- Activity -
Where the line containing "Brand new black" appears, start repeating, and continue exactly through the last line below, adding nothing. Include no pictures.

[Items from a dataset]

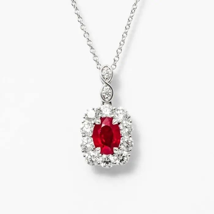 Design:Oval Ruby & Lab-Grown Diamond Solitare Necklace
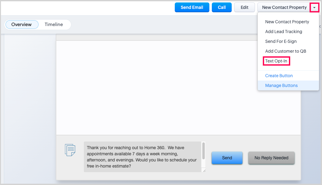 1. To opt-in a Contact, click the action button in the top right, then select Text Opt-In.
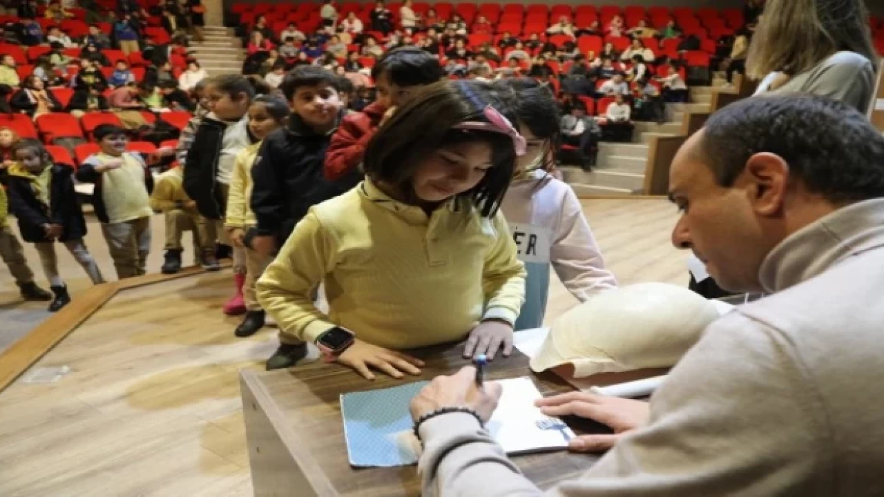 Güler Mustafa Kızılağaç İlkokulu öğrencileri söyleşi sırasında “Bir Kitap Bir İnsan” projesi kapsamında yazdıkları Arılar kitabını yazara hediye etti. Etkinlik öğrencilerin yazara kitaplarını imzalatması ve sınıfça fotoğraf çekimlerinin ardından son buldu.
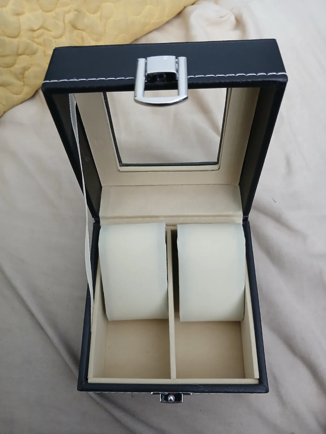 Brand new black PU Leather 2-slot watch box with clear lid. Cash only. Pick up or meet up in public place. Willing to bargain on the price.
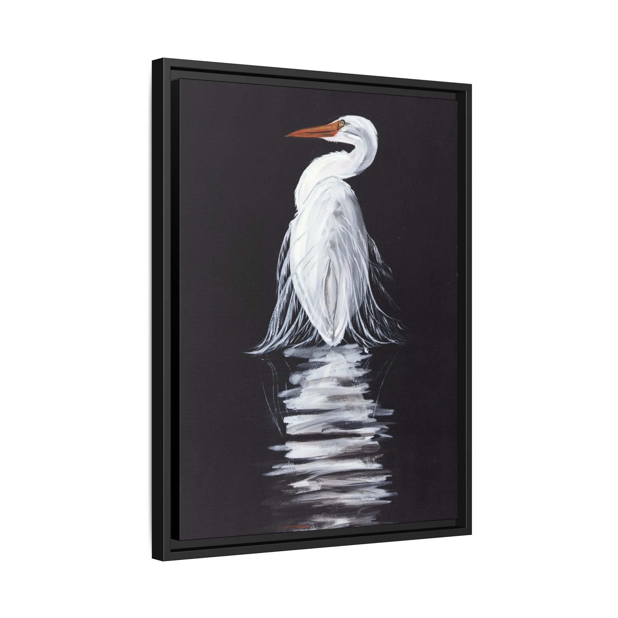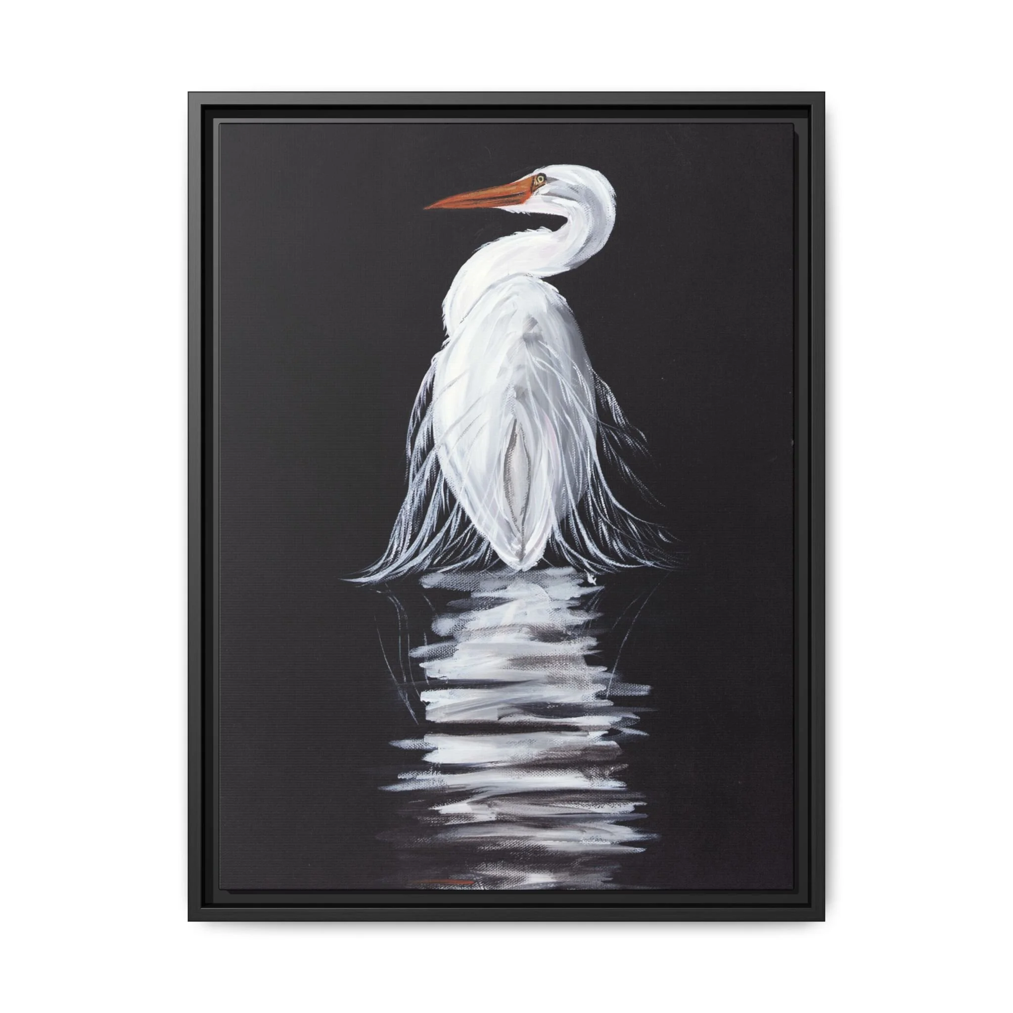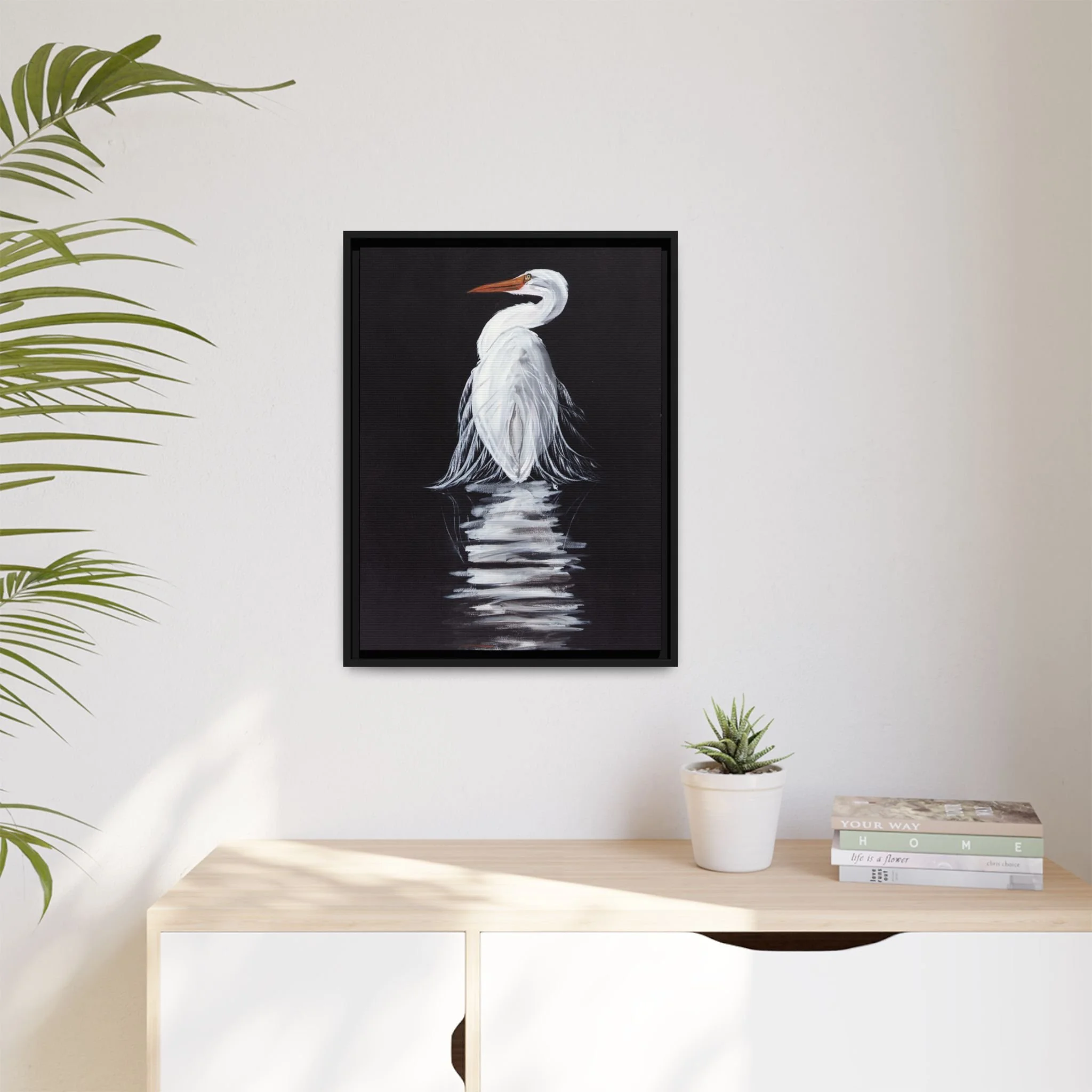 A serene matte canvas print that captures a solitary white heron reflected in still, dark waters. Brushed strokes and a limited palette create a calm, gallery-ready statement — framed in smooth pine with clean edges that let the image breathe. The subtle texture of the canvas and deep matte finish reduce glare and draw focus to the bird’s flowing plumage and whisper-soft reflections. Hang it in a quiet corner to bring coastal calm, or layer it with botanical and woven pieces for a collected, coastal-modern vignette.

- Solution to this exercise -
 Brand new black PU Leather 2-slot watch box with clear lid. Cash only. Pick up or meet up in public place. Willing to bargain on the price.
 A serene matte canvas print that captures a solitary white heron reflected in still, dark waters. Brushed strokes and a limited palette create a calm, gallery-ready statement — framed in smooth pine with clean edges that let the image breathe. The subtle texture of the canvas and deep matte finish reduce glare and draw focus to the bird’s flowing plumage and whisper-soft reflections. Hang it in a quiet corner to bring coastal calm, or layer it with botanical and woven pieces for a collected, coastal-modern vignette.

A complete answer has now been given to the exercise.